I'm learning syntax of Swift and wonder, why the following code isn't working as I expect it to:
for i in 1...100{
switch (i){
case 1:
Int(i%3) == 0
println("Fizz")
case 2:
Int(i%5) == 0
println("Buzz")
default:
println("\(i)")
}
}
I want to print Fizz every time number is divisible by 3 (3, 6, 9, 12, etc) and print Buzz every time it's divisible by 5. What piece of the puzzle is missing?
Note: I did solve it using the following:
for ( var i = 0; i < 101; i++){
if (Int(i%3) == 0){
println("Fizz")
} else if (Int(i%5) == 0){
println("Buzz")
} else {
println("\(i)")
}
}
I want to know how to solve this using Switch. Thank you.
The usual rules for the FizzBuzz game
are to replace every multiple of 3 by "Fizz", every multiple of 5 by "Buzz", and
every multiple of both 3 and 5 by "FizzBuzz".
This can be done with a switch statement on the tuple (i % 3, i % 5).
Note that _ means "any value":
for i in 1 ... 100 {
switch (i % 3, i % 5) {
case (0, 0):
print("FizzBuzz")
case (0, _):
print("Fizz")
case (_, 0):
print("Buzz")
default:
print(i)
}
}
Switch statements in Swift support value bindings.
This allows you to assign a value that matches a certain condition (evaluated via the where clause) to a temporary variable (x & y here):
for i in 1...100 {
switch (i){
case let x where x%3 == 0:
println("Fizz")
case let y where y%5 == 0:
println("Buzz")
default:
println("\(i)")
}
}
You could also use the assigned temp value in the case body.
Update:
Matt Gibson points out in the comments, that you can omit the assignment to a temp var if you are not going to use it in the case body.
So a more concise version of the above code would be:
for i in 1...100 {
switch (i){
case _ where i%3 == 0:
println("Fizz")
case _ where i%5 == 0:
println("Buzz")
default:
println("\(i)")
}
}
Side note: Your 2 code samples are slightly different (the first one uses the range 0-100 as input, while the second one operates on 1-100). My sample is based on your first code snippet.

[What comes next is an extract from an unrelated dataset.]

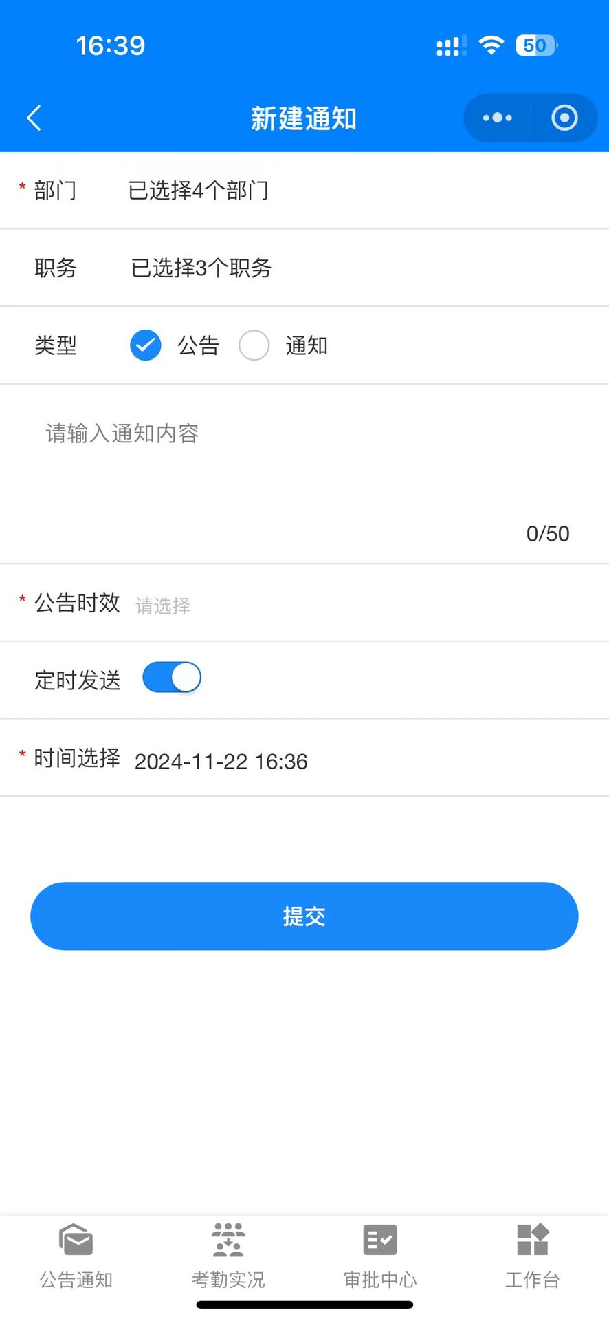 支持全员公告推送,收到公告后移动端会置顶滚动展示公告内容

This is a more general answer for people who come here just wanting to know how to use the switch statement in Swift.
General usage
switch someValue {
case valueOne:
// executable code
case valueTwo:
// executable code
default:
// executable code
}
Example
let someValue = "horse"
switch someValue {
case "horse":
print("eats grass")
case "wolf":
print("eats meat")
default:
print("no match")
}
Notes:
No break statement is necessary. It is the default behavior. Swift switch cases do not "fall through". If you want them to fall through to the code in the next case, you must explicitly use the fallthrough keyword.
Every case must include executable code. If you want to ignore a case, you can add a single break statement.
The cases must be exhaustive. That is, they must cover every possibly value. If it is not feasible to include enough case statements, a default statement can be included last to catch any other values.
The Swift switch statement is very flexible. The following sections include some other ways of using it.
Matching multiple values
You can match multiple values in a single case if you use separate the values with commas. This is called a compound case.
let someValue = "e"
switch someValue {
case "a", "b", "c":
// executable code
case "d", "e":
// executable code
default:
// executable code
}
You can also match whole intervals.
let someValue = 4
switch someValue {
case 0..<10:
// executable code
case 10...100:
// executable code
default:
// executable code
}
You can even use tuples. This example is adapted from the documentation.
let aPoint = (1, 1)
switch aPoint {
case (0, 0):
// only catches an exact match for first and second
case (_, 0):
// any first, exact second
case (-2...2, -2...2):
// range for first and second
default:
// catches anything else
}
Value Bindings
Sometimes you might want to create a temporary constant or variable from the switch value. You can do this right after the case statement. Anywhere that a value binding is used, it will match any value. This is similar to using _ in the tuple example above. The following two examples are modified from the documentation.
let anotherPoint = (2, 0)
switch anotherPoint {
case (let x, 0):
// can use x here
case (0, let y):
// can use y here
case let (x, y):
// can use x or y here, matches anything so no "default" case is necessary
}
You can further refine the matching by using the where keyword.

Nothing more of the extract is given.